After Chancellor of the Exchequer Jeremy Hunt announced a cap on civil service expansion at the Conservative Party Conference, FDA General Secretary Dave Penman responded:

“Jeremy Hunt may pride himself on being on the pragmatic wing of his party, but his announcement on civil service numbers is straight out of the Jacob Rees-Mogg playbook.

“Just like with the earlier Rees-Mogg announcement that the civil service would return to pre-Brexit staffing levels, picking a point in time in the past and deciding that is the right number of staff to deal with the public service challenges of the future is intellectually bereft. It is so glaringly arbitrary that all it does is demonstrate that this is not a serious government.”

Penman continued:

“Governments are of course free to decide the size of the public sector, but ministers need to be honest with the public about the consequences of those decisions. Many public services are still on their knees post-COVID, we have had a cost-of-living crisis, a war on mainland Europe and record levels of illegal immigration. What we need is a government with a clear agenda on what it wants to deliver, and a realistic assessment of the resources it needs to achieve that. Pretending COVID, or Brexit for that matter, is ‘over’ and we can simply turn the clock back to a magical point in the past is fantasy politics of the worst kind.

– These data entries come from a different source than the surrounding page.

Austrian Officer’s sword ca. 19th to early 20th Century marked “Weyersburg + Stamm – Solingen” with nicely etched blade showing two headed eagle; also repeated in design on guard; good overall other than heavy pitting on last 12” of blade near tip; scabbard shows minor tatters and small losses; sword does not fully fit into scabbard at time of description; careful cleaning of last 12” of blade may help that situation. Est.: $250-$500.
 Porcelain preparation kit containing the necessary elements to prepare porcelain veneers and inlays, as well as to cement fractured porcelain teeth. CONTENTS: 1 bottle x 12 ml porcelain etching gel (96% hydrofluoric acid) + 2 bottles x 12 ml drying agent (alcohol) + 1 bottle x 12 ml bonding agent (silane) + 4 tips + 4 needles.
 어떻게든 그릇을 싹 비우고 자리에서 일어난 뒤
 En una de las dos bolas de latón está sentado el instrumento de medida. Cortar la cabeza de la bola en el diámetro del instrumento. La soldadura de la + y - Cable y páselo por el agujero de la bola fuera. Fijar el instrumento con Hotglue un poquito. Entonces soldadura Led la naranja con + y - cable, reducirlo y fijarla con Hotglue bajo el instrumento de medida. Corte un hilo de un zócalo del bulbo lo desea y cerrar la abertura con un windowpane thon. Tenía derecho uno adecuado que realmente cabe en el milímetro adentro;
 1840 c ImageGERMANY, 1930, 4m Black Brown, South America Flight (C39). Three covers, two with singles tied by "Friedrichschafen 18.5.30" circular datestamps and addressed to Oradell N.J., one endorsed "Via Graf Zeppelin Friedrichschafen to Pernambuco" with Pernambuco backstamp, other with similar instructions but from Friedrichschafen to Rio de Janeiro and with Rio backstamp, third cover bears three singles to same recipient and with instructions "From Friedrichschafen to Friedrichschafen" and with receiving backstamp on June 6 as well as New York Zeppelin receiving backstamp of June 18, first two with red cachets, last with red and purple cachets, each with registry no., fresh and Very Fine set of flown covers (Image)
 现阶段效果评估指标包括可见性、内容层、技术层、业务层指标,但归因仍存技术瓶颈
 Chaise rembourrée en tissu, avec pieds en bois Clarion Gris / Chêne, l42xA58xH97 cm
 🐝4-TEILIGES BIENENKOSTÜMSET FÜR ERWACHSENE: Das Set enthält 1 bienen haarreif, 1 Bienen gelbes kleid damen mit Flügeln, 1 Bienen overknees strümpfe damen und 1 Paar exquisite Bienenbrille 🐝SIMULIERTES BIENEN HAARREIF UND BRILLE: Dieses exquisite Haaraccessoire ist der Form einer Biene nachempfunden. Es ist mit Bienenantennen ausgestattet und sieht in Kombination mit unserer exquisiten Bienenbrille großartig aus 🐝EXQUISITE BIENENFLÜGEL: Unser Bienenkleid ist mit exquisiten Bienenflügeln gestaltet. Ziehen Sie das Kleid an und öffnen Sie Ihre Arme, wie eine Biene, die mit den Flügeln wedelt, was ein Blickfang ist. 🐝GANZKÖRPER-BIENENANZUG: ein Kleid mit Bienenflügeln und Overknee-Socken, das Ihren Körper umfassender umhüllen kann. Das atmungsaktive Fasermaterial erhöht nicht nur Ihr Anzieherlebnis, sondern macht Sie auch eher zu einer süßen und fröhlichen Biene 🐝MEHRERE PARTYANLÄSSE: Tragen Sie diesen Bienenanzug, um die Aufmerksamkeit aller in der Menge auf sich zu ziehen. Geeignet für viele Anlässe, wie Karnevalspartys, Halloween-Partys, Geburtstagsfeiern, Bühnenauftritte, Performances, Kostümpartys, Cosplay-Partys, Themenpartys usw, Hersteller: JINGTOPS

“As with Johnson’s government, announcements that have a profound impact on hundreds of thousands of committed public servants are used as party political stunts, with little regard for the organisation that ministers, not least the Prime Minister, are supposed to lead.

“Officials will now be left with thousands of questions from staff that they cannot answer as they look to retro-fit workforce plans to another arbitrary headcount figure.”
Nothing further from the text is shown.